-- RECORDED INFORMATION follows --

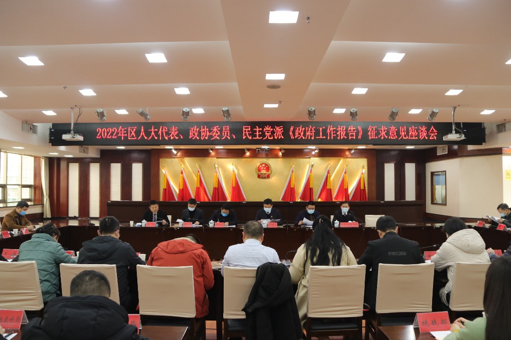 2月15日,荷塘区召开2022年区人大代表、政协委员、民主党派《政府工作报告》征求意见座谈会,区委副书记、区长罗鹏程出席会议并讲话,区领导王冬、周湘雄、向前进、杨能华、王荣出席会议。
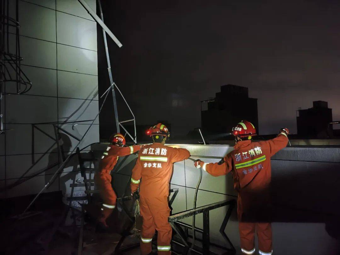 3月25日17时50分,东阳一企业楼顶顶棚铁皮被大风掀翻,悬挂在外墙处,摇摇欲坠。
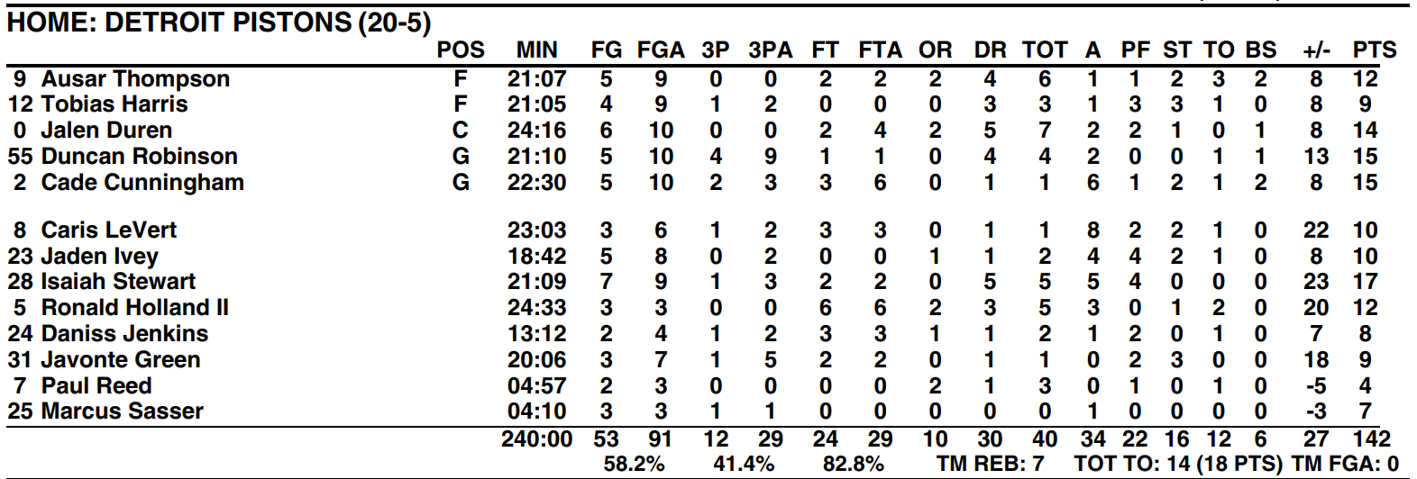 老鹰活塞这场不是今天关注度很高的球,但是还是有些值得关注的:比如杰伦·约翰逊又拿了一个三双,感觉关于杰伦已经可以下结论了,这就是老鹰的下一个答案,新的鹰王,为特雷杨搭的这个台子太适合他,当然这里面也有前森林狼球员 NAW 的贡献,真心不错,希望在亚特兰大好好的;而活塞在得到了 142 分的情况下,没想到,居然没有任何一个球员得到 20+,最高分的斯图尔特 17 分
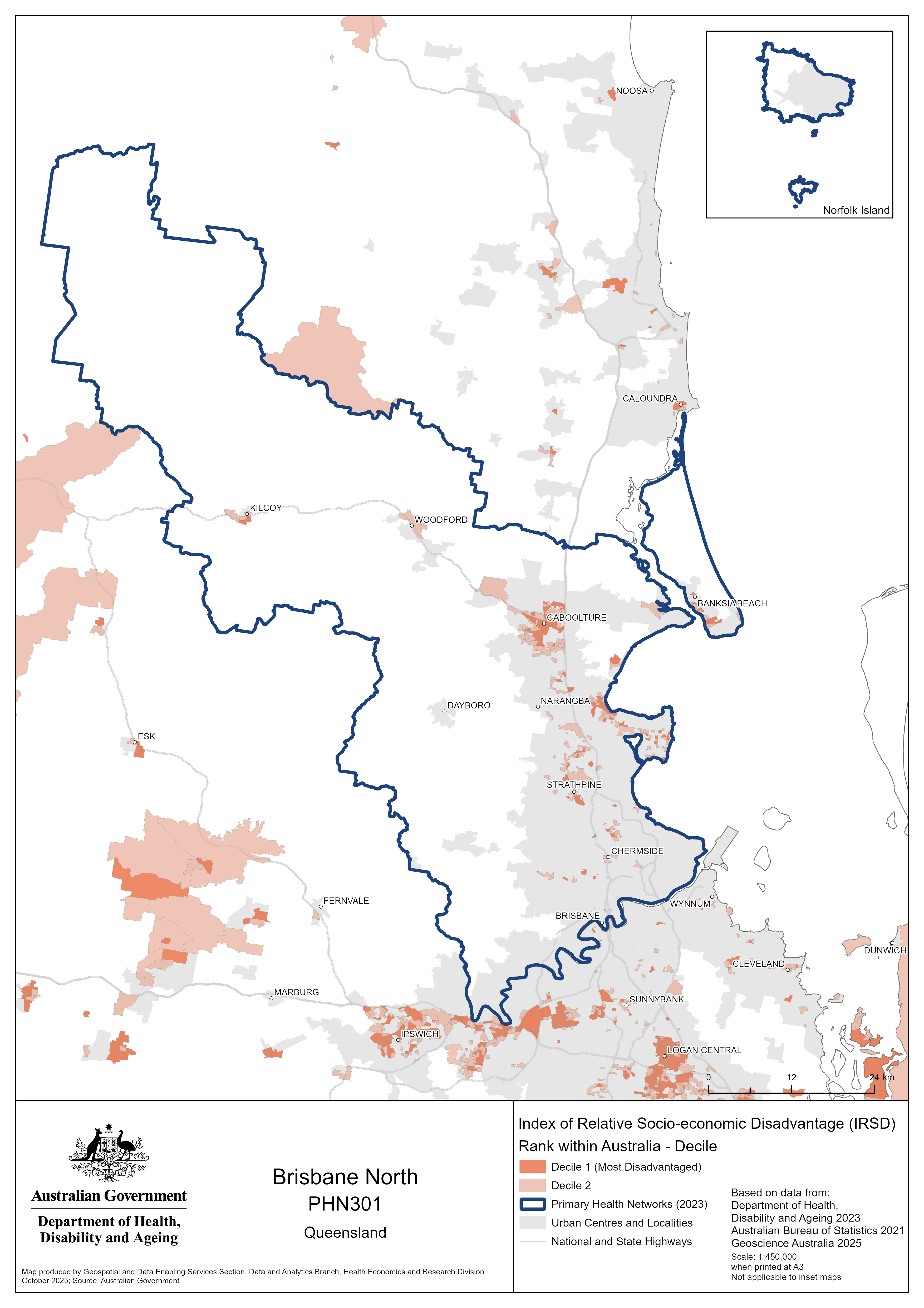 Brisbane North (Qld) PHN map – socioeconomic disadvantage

-- RECORDED INFORMATION concluded --

▶ BRIEF: Pictures are to be omitted. The lines from the line holding "20+,最高分的斯图尔特 17 分" through the closing line of the data above are to be set down exactly, and nothing more.

▶ RESULT OF THE TASK:
 老鹰活塞这场不是今天关注度很高的球,但是还是有些值得关注的:比如杰伦·约翰逊又拿了一个三双,感觉关于杰伦已经可以下结论了,这就是老鹰的下一个答案,新的鹰王,为特雷杨搭的这个台子太适合他,当然这里面也有前森林狼球员 NAW 的贡献,真心不错,希望在亚特兰大好好的;而活塞在得到了 142 分的情况下,没想到,居然没有任何一个球员得到 20+,最高分的斯图尔特 17 分
 Brisbane North (Qld) PHN map – socioeconomic disadvantage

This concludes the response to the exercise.